[
https://issues.apache.org/jira/browse/IGNITE-24523?page=com.atlassian.jira.plugin.system.issuetabpanels:all-tabpanel
]
Vyacheslav Koptilin updated IGNITE-24523:
-----------------------------------------
Description:
h3. Motivation
We have two messages that are printed at the change peer op start:
{noformat}
[INFO ][%irt_aconlnj_1%JRaft-Request-Processor-22][BaseCliRequestProcessor]
Receive ChangePeersAndLearnersAsyncRequest with term 1 to
<17_part_0/irt_aconlnj_1> from 192.168.1.22:3345, new conf is
irt_aconlnj_0,irt_aconlnj_1,irt_aconlnj_2
[INFO ][%irt_aconlnj_1%JRaft-Request-Processor-22][NodeImpl] Node
<17_part_0/irt_aconlnj_1> change configuration from
irt_aconlnj_0,irt_aconlnj_1,irt_aconlnj_3 to
irt_aconlnj_0,irt_aconlnj_1,irt_aconlnj_2.
{noformat}
Then we are printing a message about the configuration that was applied in each
node where the partition holds (unfortunately without RAFT group ID):
{noformat}
[INFO
][%irt_aconlnj_3%JRaft-FSMCaller-Disruptor_stripe_1-0][StateMachineAdapter]
onConfigurationCommitted: irt_aconlnj_0,irt_aconlnj_1,irt_aconlnj_2.
[INFO
][%irt_aconlnj_2%JRaft-FSMCaller-Disruptor_stripe_1-0][StateMachineAdapter]
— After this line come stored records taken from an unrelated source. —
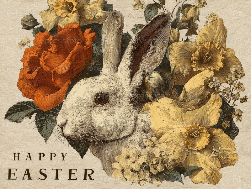 Винтажный пасхальный кролик, расположенный среди цветов, пастельный букет пионки, гортензии, розы, текстурированного гравированного стиля, теплая сепия-палитра, счастливое Пасхальное поздравление
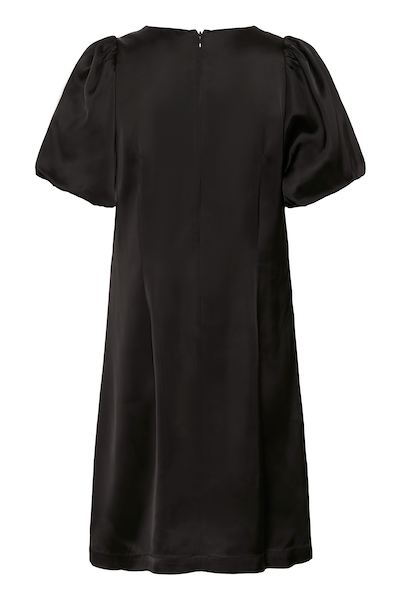 Robe en satin noir avec encolure en «V» et manche un peu bouffante. Parfait pour avoir un look chic en discrétion.
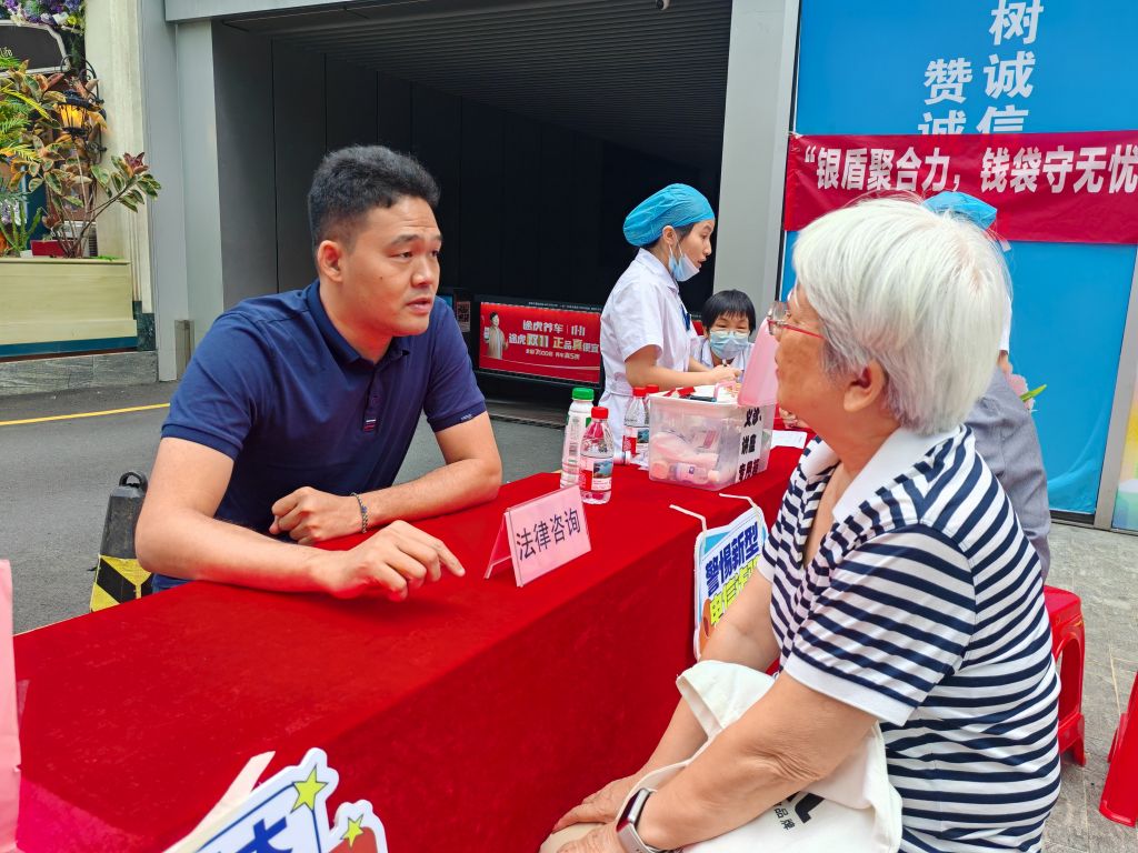 罗湖家园网讯:为深入推进“百千万工程”,切实提升居民的防诈反诈能力,11月7日全民反诈日当天,在桂园街道新围社区党委的引领下,新围社区党群服务中心、南风社会工作服务社联合桂园街道司法所、桂园街道禁毒办、桂园街道长者服务中心、滨苑社区警务室、交通银行罗湖支行、新围社康中心及反诈志愿者等多方力量共同开展“银盾聚合力,钱袋守无忧”反诈主题宣传活动,携手筑牢全民防诈安全防线。
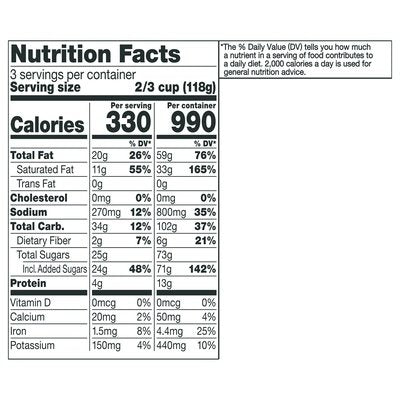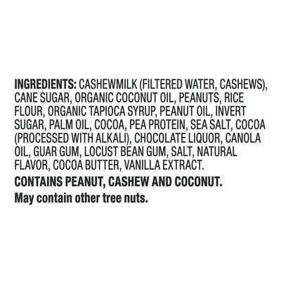 INGREDIENTS: Cashewmilk (Filtered Water, Cashews), Cane Sugar, Organic Coconut Oil, Peanuts, Rice Flour, Organic Tapioca Syrup, Peanut Oil, Invert Sugar, Palm Oil, Cocoa, Pea Protein, Sea Salt, Cocoa (Processed with Alkali), Chocolate Liquor, Canola Oil, Guar Gum, Locust Bean Gum, Salt, Natural Flavor, Cocoa Butter, Vanilla Extract.
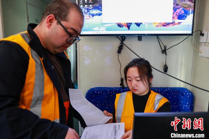 4月27日,中國鐵路青藏集團有限公司西寧工務機械段養(yǎng)路機械駕駛員俞慶(右一)與同事交接文件。中新社記者 薛蒂 攝

onConfigurationCommitted: irt_aconlnj_0,irt_aconlnj_1,irt_aconlnj_3.
[INFO
][%irt_aconlnj_2%JRaft-FSMCaller-Disruptor_stripe_1-0][StateMachineAdapter]
onConfigurationCommitted: irt_aconlnj_0,irt_aconlnj_1,irt_aconlnj_2.
{noformat}
And finally we are printing a message about the rebalance that was finished in
the same node where it had been started:
{noformat}
[INFO ][%irt_aconlnj_1%rebalance-scheduler-0][RebalanceRaftGroupEventsListener]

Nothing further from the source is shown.